Real-World Examples of AI-Powered Breaches
From voice cloning to QR code exploits, real-world breaches showcase AI’s dark potential. These incidents reveal how attackers weaponize machine learning against enterprise systems. Cofense confirms 89% of rotated QR code attacks bypass secure email gateways—just one facet of this evolving threat landscape.
QR Code Phishing: The MGM Resorts Catastrophe
The 2023 MGM Resorts breach demonstrated QR code vulnerabilities at scale. Attackers distributed fake parking validation codes to employees, harvesting credentials through cloned login pages. This $100M incident exploited human trust in visual data verification.
Key technical insights:
- Dynamic generation: Each QR code contained unique tracking identifiers
- Geo-fencing: Codes only activated near actual MGM properties
- Time-limited: Expired after 90 minutes to evade detection
Autonomous Vehicle Spoofing: Beyond Tesla’s Vision
MIT’s “Robust Physical Adversarial Examples” research exposed critical flaws in vehicular AI. Researchers manipulated Tesla’s vision systems using projected lane markings invisible to humans. Comma.ai’s open-source platform showed similar vulnerabilities to sticker-based spoofing.

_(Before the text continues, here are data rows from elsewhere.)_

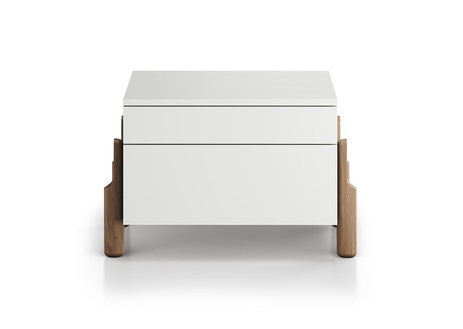 Тумба прикроватная Basic 2 ящика ширина 60 см Высота: 40 см Ширина: 60 см Глубина: 42 см Вес: 25 кг Материал: МДФ Каркас ящиков: ЛДСП Покрытие корпуса: эмаль RAL 9003 Ножки: дуб
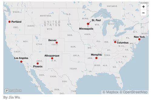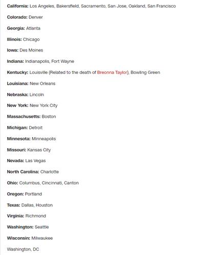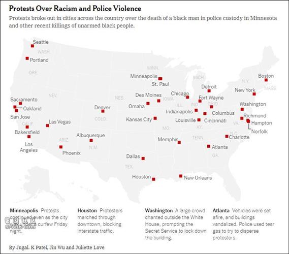 截至目前,全美爆发抗议的城市 图源:纽约时报
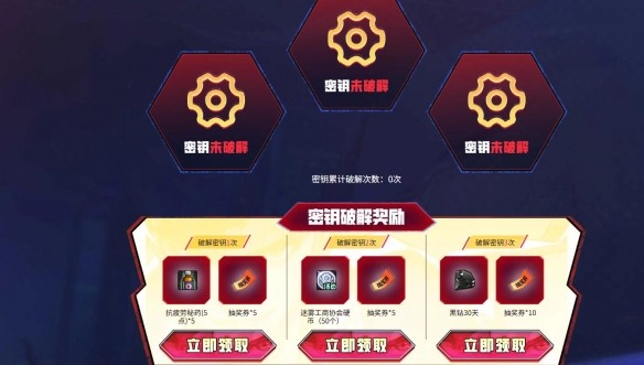 3、累積破解密鑰1/2/3次即可領取抗疲勞秘藥、抽獎券、黑鉆30天等獎勵;

“Adversarial patches caused misclassification at 55mph—proving physical-world attacks on moving vehicles.”
The $35M Deepfake CFO Heist
Microsoft’s voice cloning research became reality in Hong Kong. Attackers used 45 seconds of audio to replicate a CFO’s speech patterns, authorizing fraudulent transfers. This scam exploited three gaps:
- Voice authentication systems lacking liveness checks
- HR data leaks providing sample recordings
- Psychological priming through prior legitimate calls
The Lapsus$ group later refined this technique during their Okta breach. Their AI-powered reconnaissance tools mapped corporate hierarchies for targeted social engineering. These cases prove that next-generation security requires equal parts technical and human detection.
Building an AI-Ready Security Culture
Culture forms the first line of defense in modern cybersecurity ecosystems. KnowBe4 research confirms organizations with strong security cultures experience 63% fewer breaches. This human layer complements technical safeguards, creating adaptive protection against evolving risks.
The 3C Framework for Sustainable Protection
PwC’s behavioral approach structures cultural development through three pillars:
- Context: Relates security to individual roles using department-specific scenarios
- Communication: Delivers bite-sized lessons through microlearning modules
- Consequences: Establishes clear protocols without punitive blame cycles
Financial institutions adopting this model reduced phishing click-through rates by 58% in six months. The method works because it mirrors how users naturally process information.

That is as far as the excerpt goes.